Após a incubação, adicione lentamente 500 microliters de ácido acético glacial a cada tubo e mexa com um palito limpo por 10 a 15 segundos. Centrifugar as amostras, em seguida, decantar o sobrenante de cada tubo para o béquer de resíduos ácidos. Enxágüe cada amostra três vezes com água adicionando 1.000 microliters de água destilada em cada tubo e mexendo com um palito limpo.
Centrifugar as amostras e decantar o supernatante dos tubos no béquer de bicarbonato de sódio. Em seguida, repita as lavades de água mais duas vezes. Adicione 1.000 microliters de 95% de etanol do béquer de etanol a cada tubo e mexa com um palito limpo.
Em seguida, centrifugar as amostras e decantar o sobrenante dos tubos para o béquer de resíduos de etanol. Misture a solução de calção de manchas safranin-O e adicione de 5 a 10 gotas a cada tubo. Mexa com um palito de dente por 10 a 15 segundos e deixe o palito no tubo.
Adicione 1.000 microliters de 95% de etanol do béquer de etanol a cada tubo e mexa. Depois de centrifugar as amostras, decantar o supernante no béquer de resíduos de etanol. Adicione 10 a 15 gotas de glicerina em cada tubo e mexa o conteúdo por 10 a 15 segundos.
Deixe os tubos abertos no capô da fumaça para evaporar o etanol por pelo menos duas horas em temperatura ambiente. Slides de microscópio de etiqueta para identificação de pólen. Remova uma gota de resíduo de pólen de um tubo e coloque-a no centro de seu slide de microscópio rotulado, permitindo que a gota se espalhe ligeiramente.
Coloque uma tampa limpa sobre a gota no slide e sele o deslizamento da tampa para o slide com esmalte transparente. Utilizando os métodos descritos, foi coletado pólen corbicular, classificado por cor, e as fontes vegetais de cada grupo de cor de pelotização foram identificadas para avaliar a diversidade de pólen. Cada amostra de coleta de pólen tinha múltiplos grupos de cores distinguíveis.

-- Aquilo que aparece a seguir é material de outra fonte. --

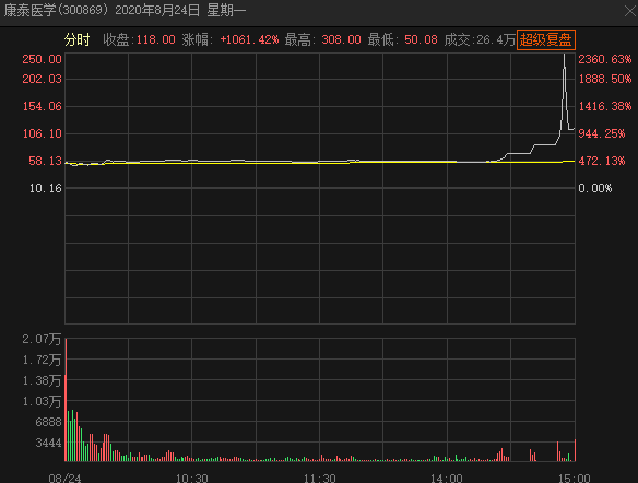 事实上,爆炒低价新股在A股市场早有先例,将时间拉回到2022年8月,创业板注册制实施后上市的首批新股之一康泰医学也曾上演过一日30倍的神化。首发价仅有10.16元的康泰医学2020年8月24日上市首日尾盘遭资金爆炒,最高价一度飙涨至308元,盘中最大涨幅2931%,收盘大涨1061%。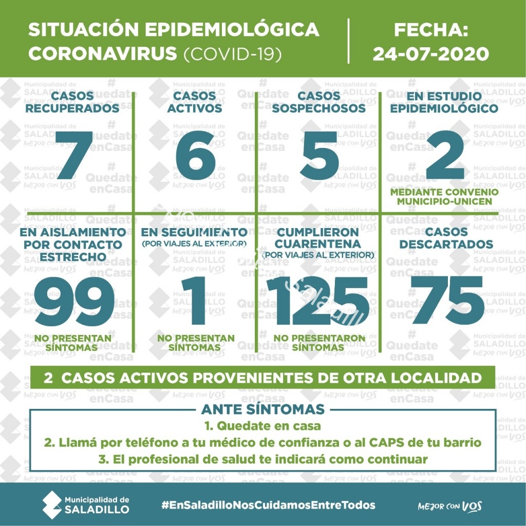 SITUACIÓN EPIDEMIOLÓGICA EN SALADILLO | 24/7/2020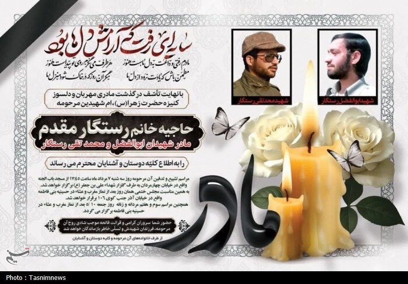 به گزارش بخش استانها در وبانگاه به نقل از خبرگزاری تسنیم از قم، مادر محمدتقی رستگارمقدم، یکی از چهار دیپلمات ربودهشده ایرانی در لبنان، پس از چهار دهه چشمانتظاری برای بازگشت فرزندش، دارفانی را وداع گفت.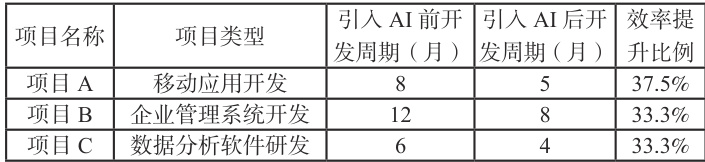 为直观展现人工智能在软件开发自动化中对效率的提升,对多个引入AI 技术的软件开发项目进行数据收集与分析,得到如下表格:
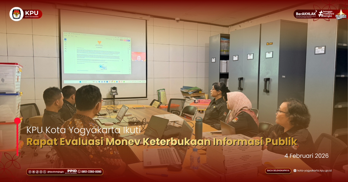 Yogyakarta — Komisi Pemilihan Umum (KPU) Daerah Istimewa Yogyakarta (DIY) menyelenggarakan Rapat Evaluasi Monitoring dan Evaluasi (Monev) Keterbukaan Informasi Publik yang diikuti oleh KPU kabupaten/Kota se DIY melalui zoom meeting. KPU Kota Yogyakarta hadir diwakili oleh Ketua KPU Kota Yogyakarta, Ketua Divisi Sosialisasi, pendidikan Pemilih, Partisipasi Masyarakat dan SDM, Sekretaris, Kasubbag Pengampu Parmas dan Staf. Kegiatan ini dilaksanakan sebagai upaya penguatan tata kelola layanan informasi publik yang transparan, akuntabel, dan sesuai dengan ketentuan peraturan perundang-undangan.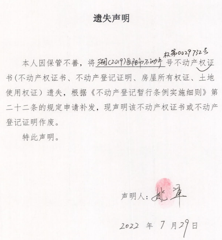 遗失声明(姚军)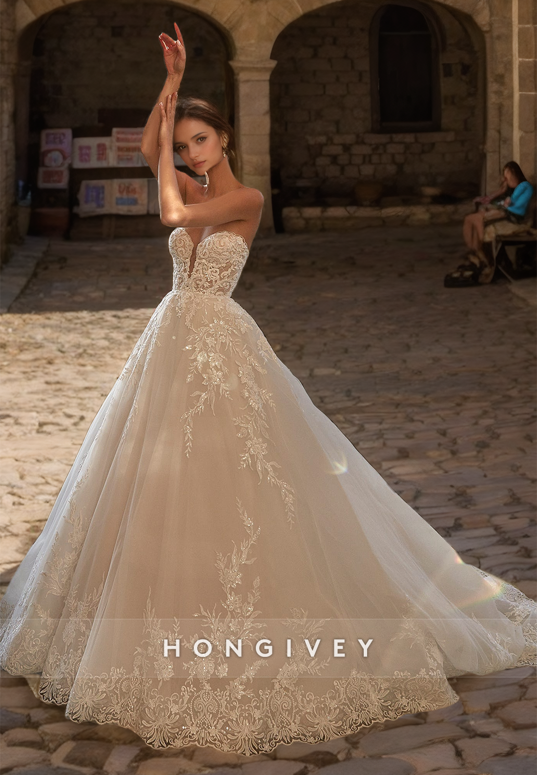 HONGIVEY New Lace Wedding Dresses with Train Sweetheart A-Line Organza Bridal Dress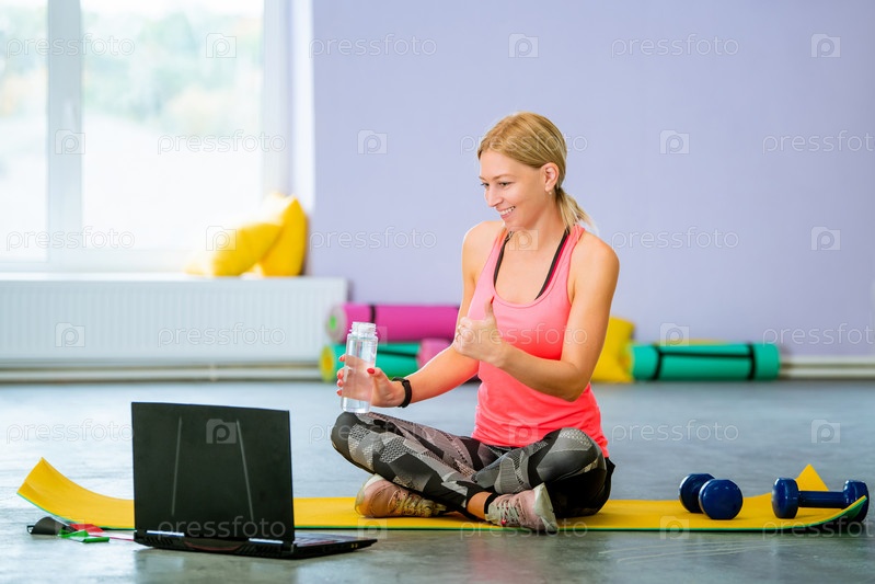Красивая спортсменка тренируется в зале онлайн перед ноутбуком
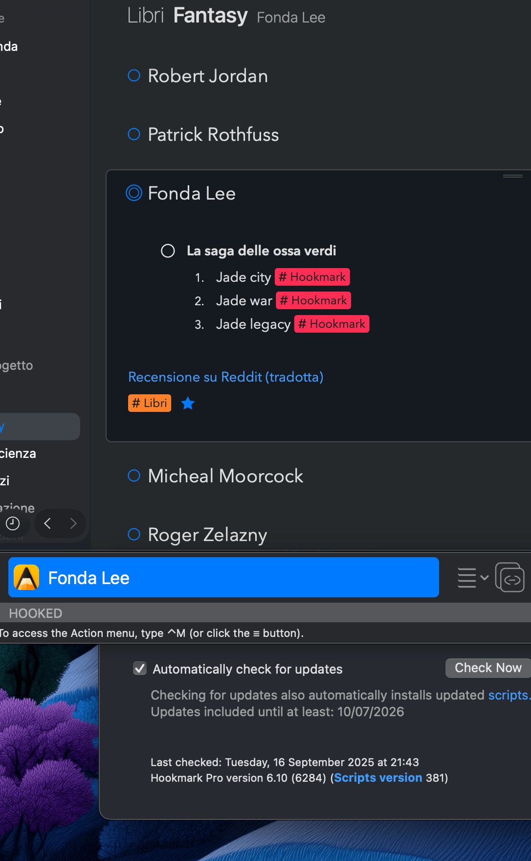 So, the new hook either overwrote the old one or was just ignored as another one (identical) was present. Basically, given the menubar counter is working (will do further testing tomorrow), it seems that Hookmark on Tahoe (and on my Mac) can’t retrieve the hooks I have recorded before the upgrade.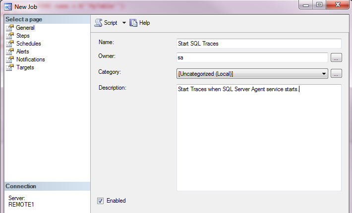 I run a single trace on a single instance in this walkthrough, just for illustration purposes, but this framework allows any number of instances and traces to be managed simply by adding a row to SqlInstance for each traced instance and a row to SqlTrace for each trace. The server named CENTRAL in this walkthrough serves as the central management server. The server named REMOTE1 is a traced instance. You can use a single server for both roles if you have only one test server.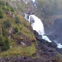 Danach wieder in ein schmales Tal. Anstelle des Tunnels nehmen wir wieder eine einspurige Serpentinenstraße mit wunderbaren Ausblicken. Dann erneut in ein enges Tal. Hinter einer Kurve überrascht uns ein mächtiger Wasserfall. Und dann kommen wir in Odda an.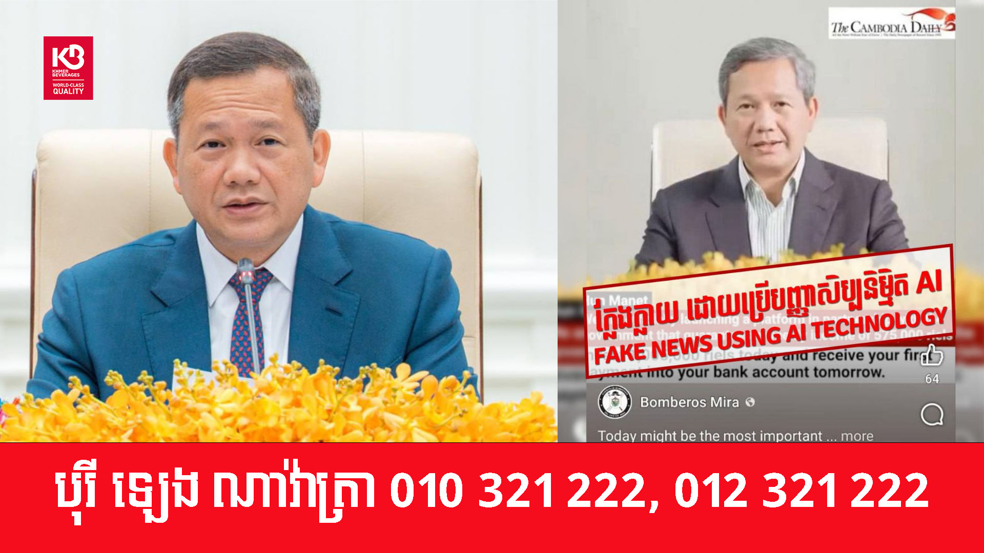 នៅលើទំព័រហ្វេសប៊ុក នៅថ្ងៃទី ១៣ ខែវិច្ឆិកា ឆ្នាំ២០២៥ សម្តេចធិបតី បានជម្រាបជូនសាធារណជនឱ្យបានជ្រាបថា មានករណីហ្វេសប៊ុកបានបង្កើតវីដេអូបច្ចេកវិទ្យា AI ក្លែងបន្លំសម្លេងរបស់សម្តេចធិបតីនាយករដ្ឋមន្ត្រី ដើម្បីបញ្ចេញសារផ្ទុយពីការពិត​។ អាស្រ័យហេតុនេះ សូមសាធារណជនមេត្តាជ្រាបជាព័ត៌មាន និងបង្កើនការប្រុងប្រយ័ត្នខ្ពស់ចំពោះការចែករំលែក និងជឿជាក់លើសារដែលមិនមែនជាការពិត។

Em algumas amostras, os grupos de cores de pólen continham apenas quatro a cinco pelotas. No entanto, a maioria dos grupos tinha significativamente mais, e serviu como seu próprio grupo de cores rotulado para acetolise. Após acetolise, a microscopia de luz de campo brilhante foi usada para identificar efetivamente cada grupo de cor para sua classificação taxonômica mais baixa possível, confirmando as características morfológicas com as amostras de voucher coletadas da área ao redor de cada local de estudo.
O pólen coletado em locais de cultivo de amêndoas apresentou diversidade de pólen relativamente menor do que o pólen coletado de outras culturas, com uma média de três cores de pelotas em 3,2 taxas vegetais por local O pólen classificado pode ser testado para pesticidas para elucidar os agrotóxicos encontrados em plantas forrageiras de abelhas, ou analisado para composição química para determinar seu valor nutricional às abelhas. Os resultados desta pesquisa forneceram insights valiosos sobre a diversidade de espécies observadas no pólen coletado pelas colônias, destacando a diversidade substancialmente baixa de pólen coletada nos sistemas de cultivo de amêndoas.